Same agent, but through OpenRouter (free model)
import os
from openai import AsyncOpenAI
from pydantic_ai import Agent
from pydantic_ai.models.openai import OpenAIModel
from pydantic_ai.providers.openai import OpenAIProvider
client = AsyncOpenAI(
api_key=os.environ["OPENROUTER_API_KEY"], # from env, not hard-coded
base_url="https://openrouter.ai/api/v1",
)
model = OpenAIModel(
"meta-llama/llama-3.3-70b-instruct:free", # a free model
provider=OpenAIProvider(openai_client=client),
)
agent = Agent(model, system_prompt="You are a helpful assistant.")
print(agent.run_sync("Say hello in one word.").output)
Notice: only the model wiring changed. Your tools, output types, and logic stay identical.
Save as first_agent.py, pip install pydantic-ai, set GEMINI_API_KEY, then python first_agent.py. Watch it call the tool and return 42 — then break the tool on purpose and watch the request cap catch the runaway loop.
What goes wrong — and how the harness guards it
Agents fail in ways a single function never does. Knowing the failure modes is half of building a good harness.

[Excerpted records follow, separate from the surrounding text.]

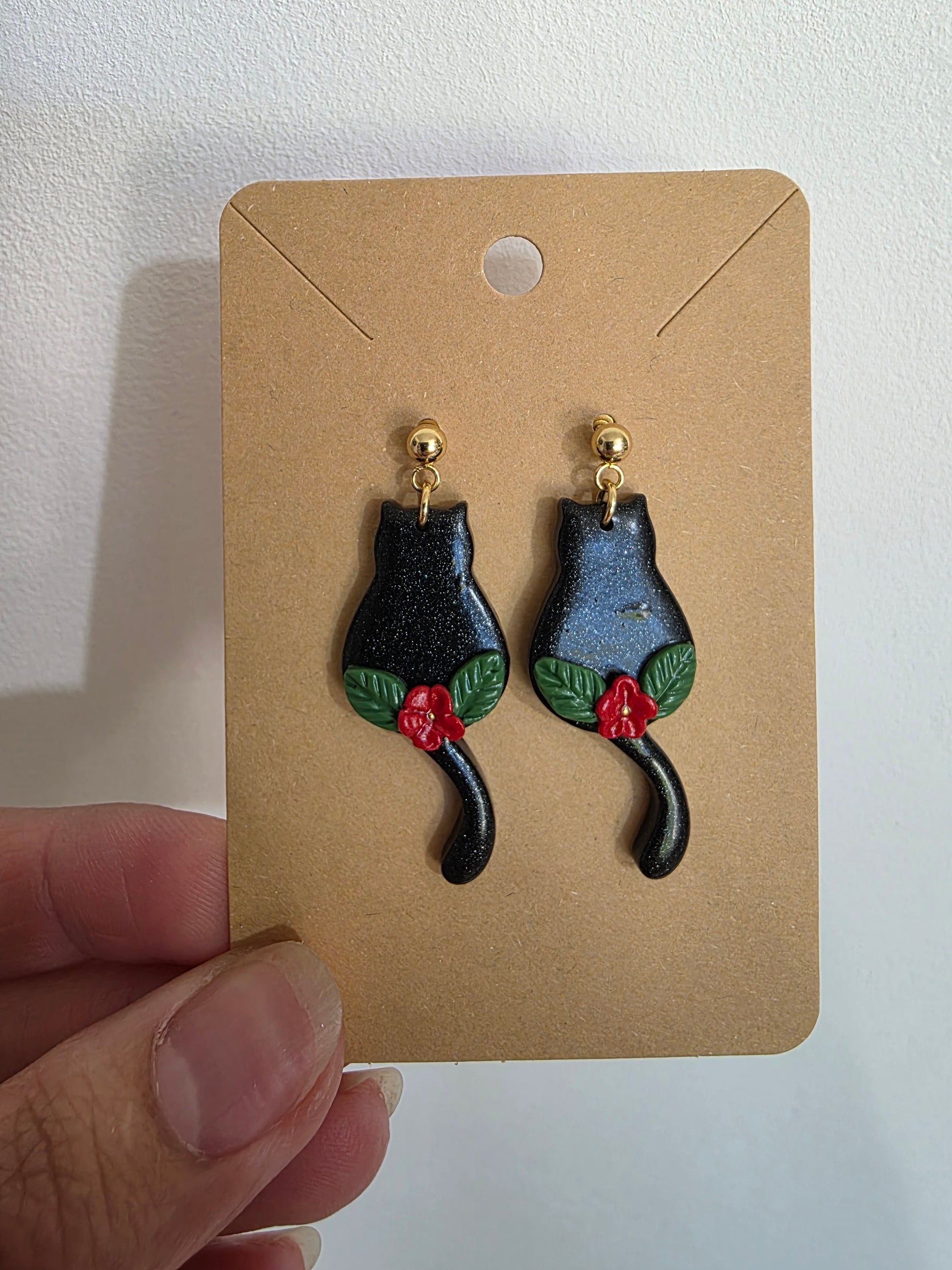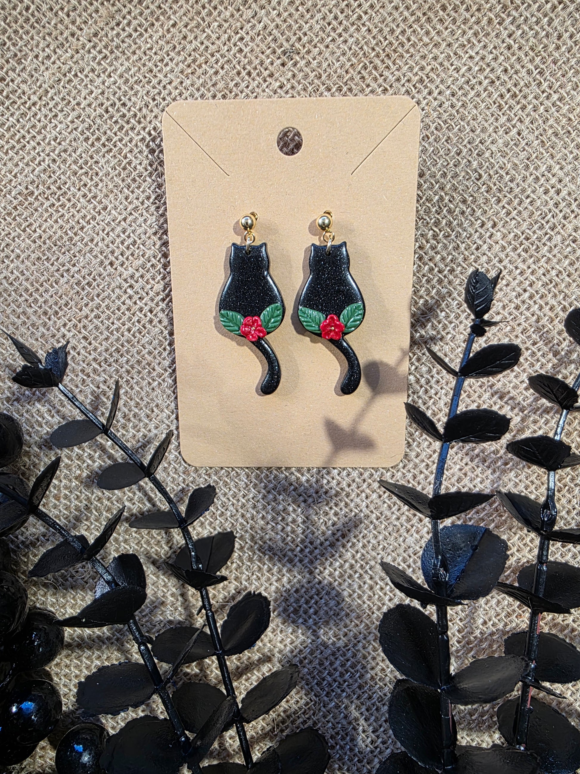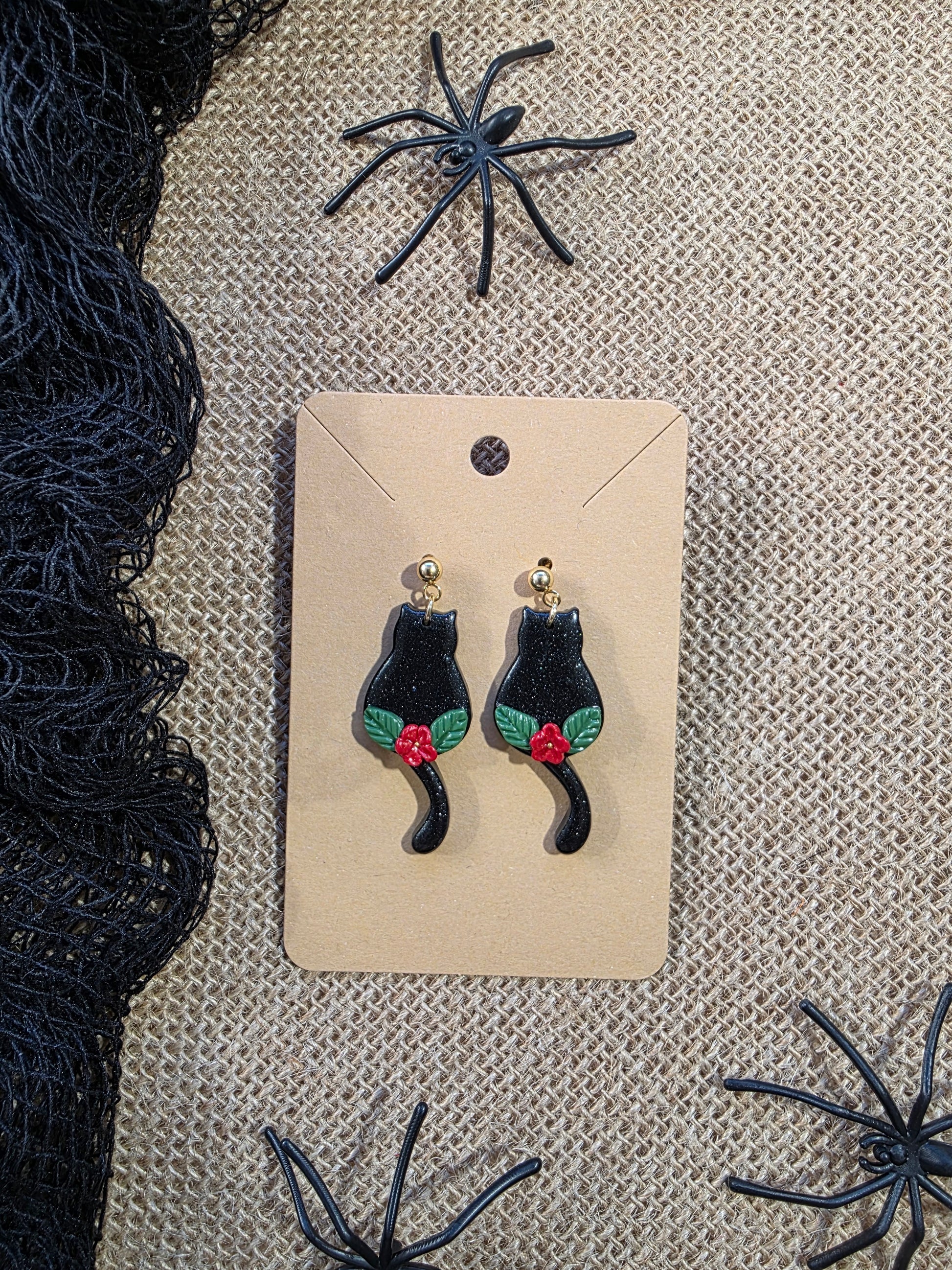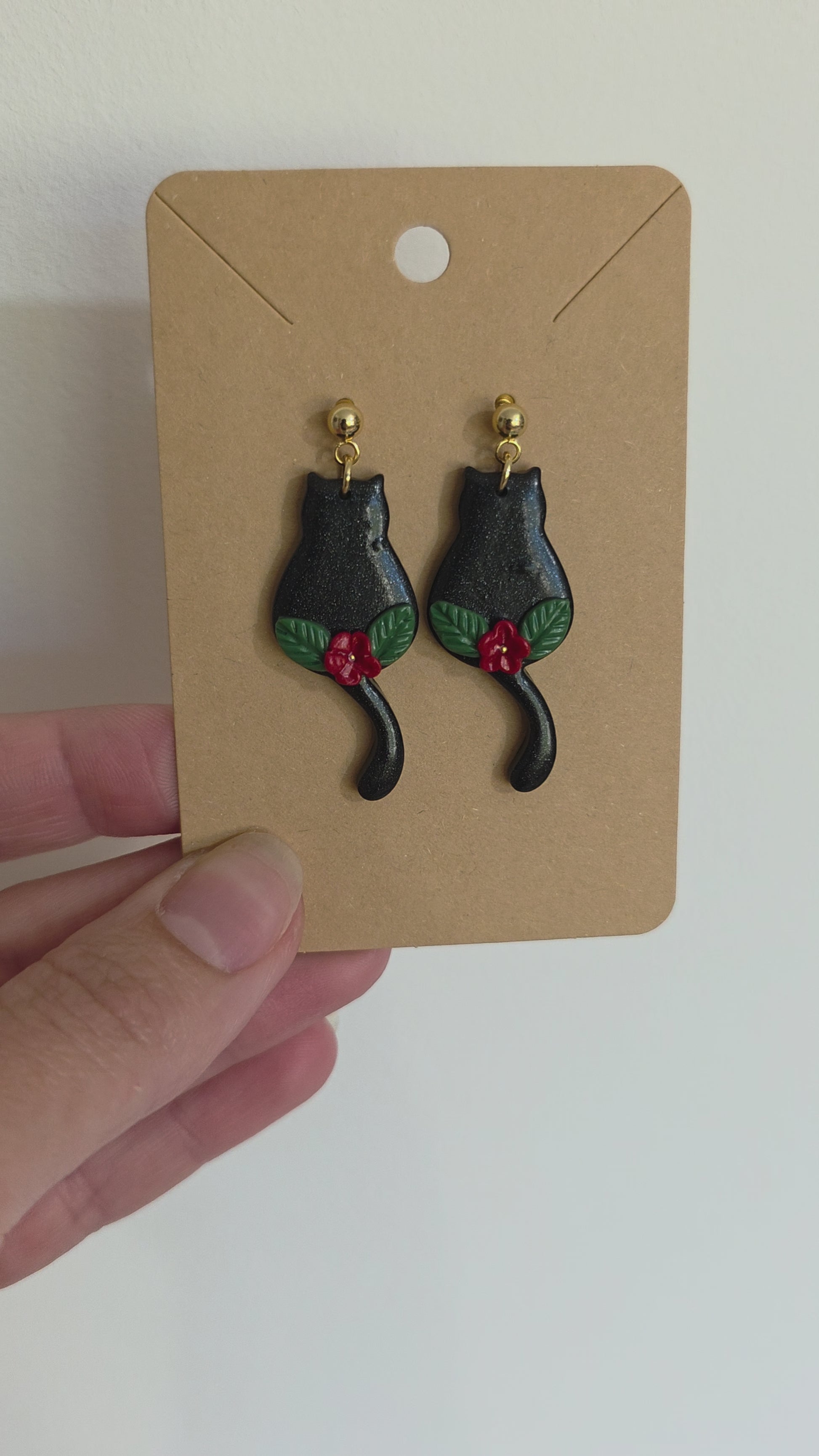 Voici Salem, ton petit compagnon noir espiègle et adorable. Sculpté en argile polymère, il est orné d’une petite fleur rouge et de deux feuilles vertes, ajoutant une touche délicate et mignonne à son côté mystérieux.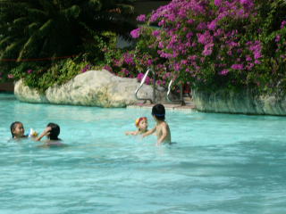 | 朝食後、子供と海の浅瀬で遊ぶ。 小魚たちが砂浜近くで、陸に向かって数列に整列しているのを発見する。 後で気がついたことだが、小魚は地震で発生した電磁波を極力避けるために、電磁波に対して垂直な姿勢をとっていたと推察される。 海からプール?へ移動 |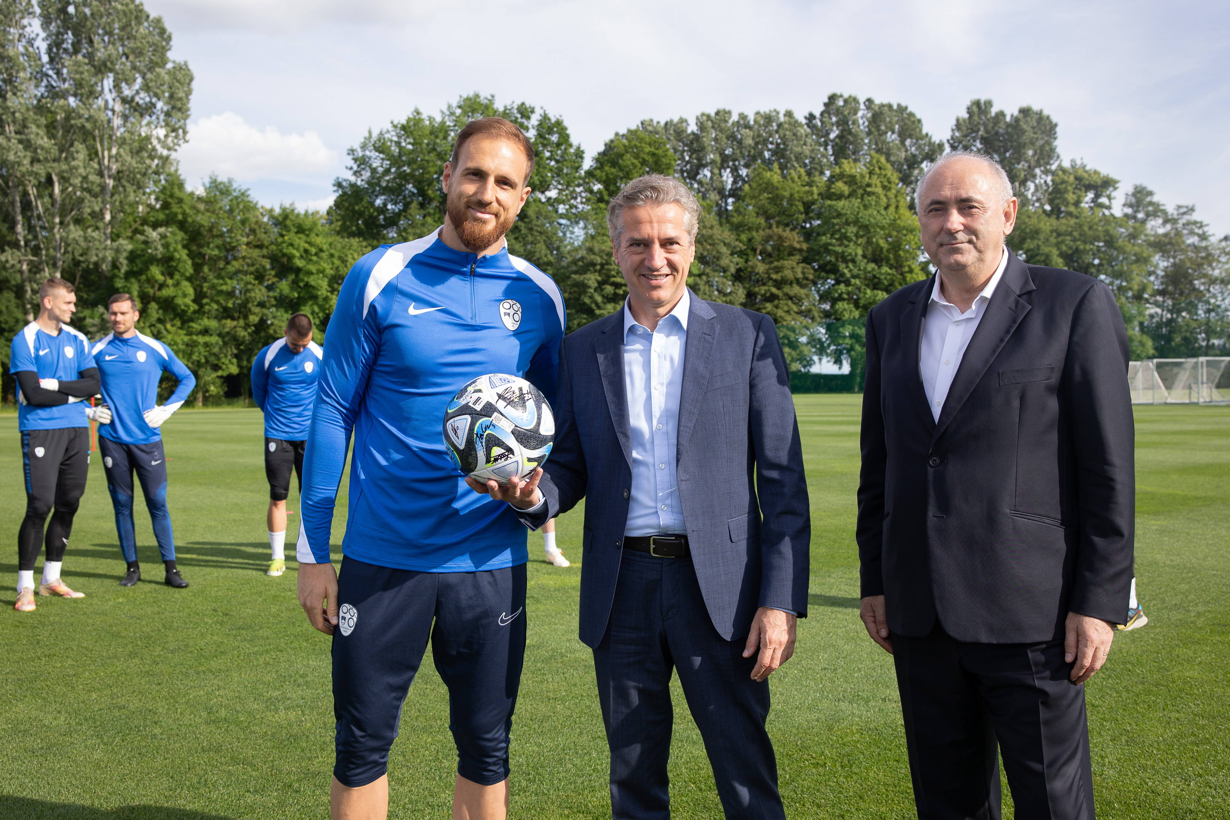 Kapetan slovenske reprezentance Jan Oblak, predsednik vlade Robert Golob in predsednik Nogometne zveze Slovenije Radenko Mijatović. | Avtor: Katja Kodba, STA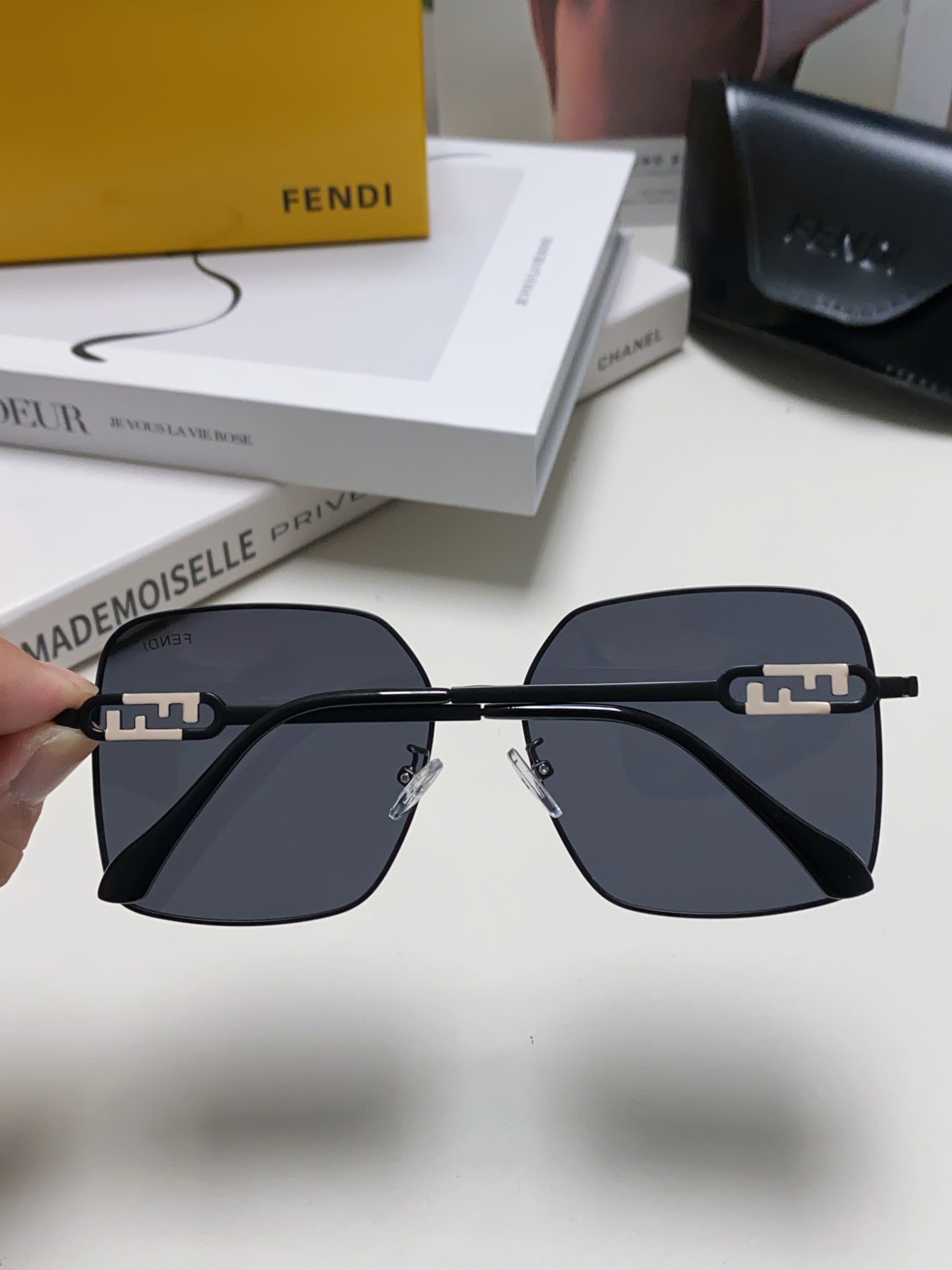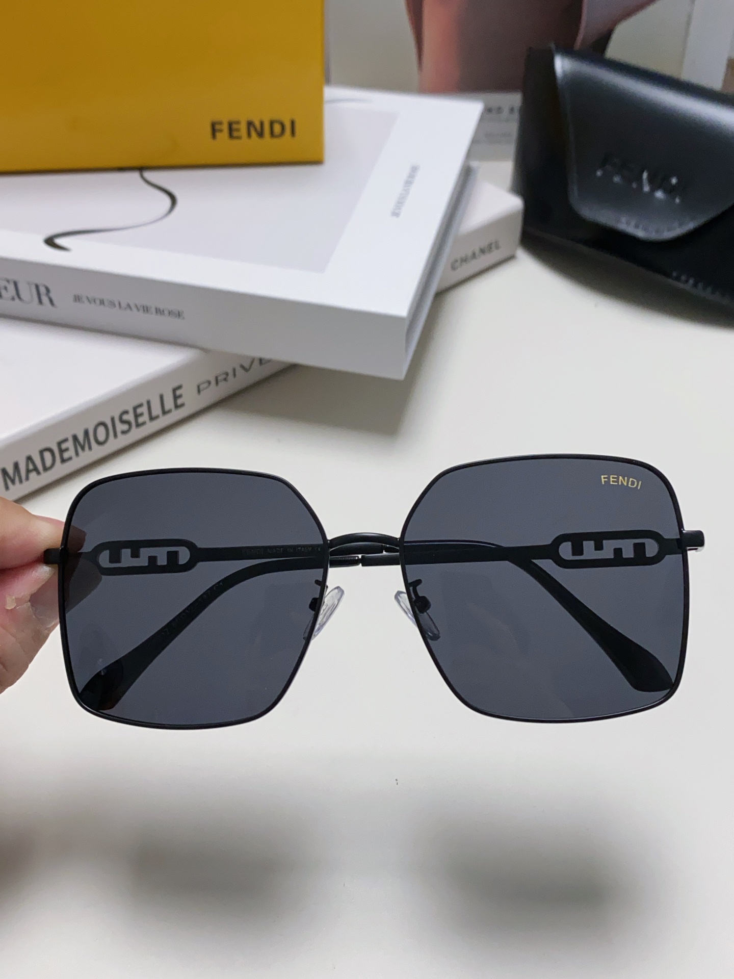 这款太阳眼镜是AAAAA 1:1 质量 (非常棒). 使用了和原版一模一样的材料. 商标部分也保持了和芬迪/Fendi一样. 图片拍摄是实物太阳眼镜拍摄, 您所收到的实物保证和我们图片一模一样.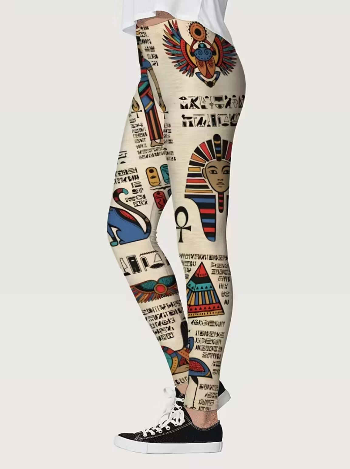 ファラオやピラミッドなどエジプトの象徴がデザインされたカラフルなレギンス✨

| Failure mode | What it looks like | Guard |
|---|---|---|
| Runaway loop | Keeps calling tools / the model forever, burning tokens | UsageLimits(request_limit=…) |
| Bad tool call | Wrong arguments, or the tool errors on the model's input | Validate inputs; raise ModelRetry to let it try again |
| Hallucinated output | Confident answer that's simply wrong or made-up | Structured output + validation; an evaluator step |
| Prompt injection | Text fetched by a tool contains “ignore your instructions…” | Treat tool results as untrusted data, not commands |
| Unsafe action | About to delete / send / spend something irreversible | Human-in-the-loop approval for high-stakes tools |
| Silent regressions | Worked yesterday, worse today after a prompt tweak | Observability (tracing) + evals that run on every change |
from pydantic_ai import ModelRetry
@agent.tool_plain
def get_user(user_id: int) -> dict:
"""Look up a user by id."""
user = db.get(user_id)
if user is None:
# Don't crash — tell the model to fix its input and try again.
raise ModelRetry(f"No user with id {user_id}. Ask for a valid id.")
return user
Assume the model will misbehave, and design so that when it does, the harness catches it cheaply. That's the difference between a fun demo and something you'd let touch real data.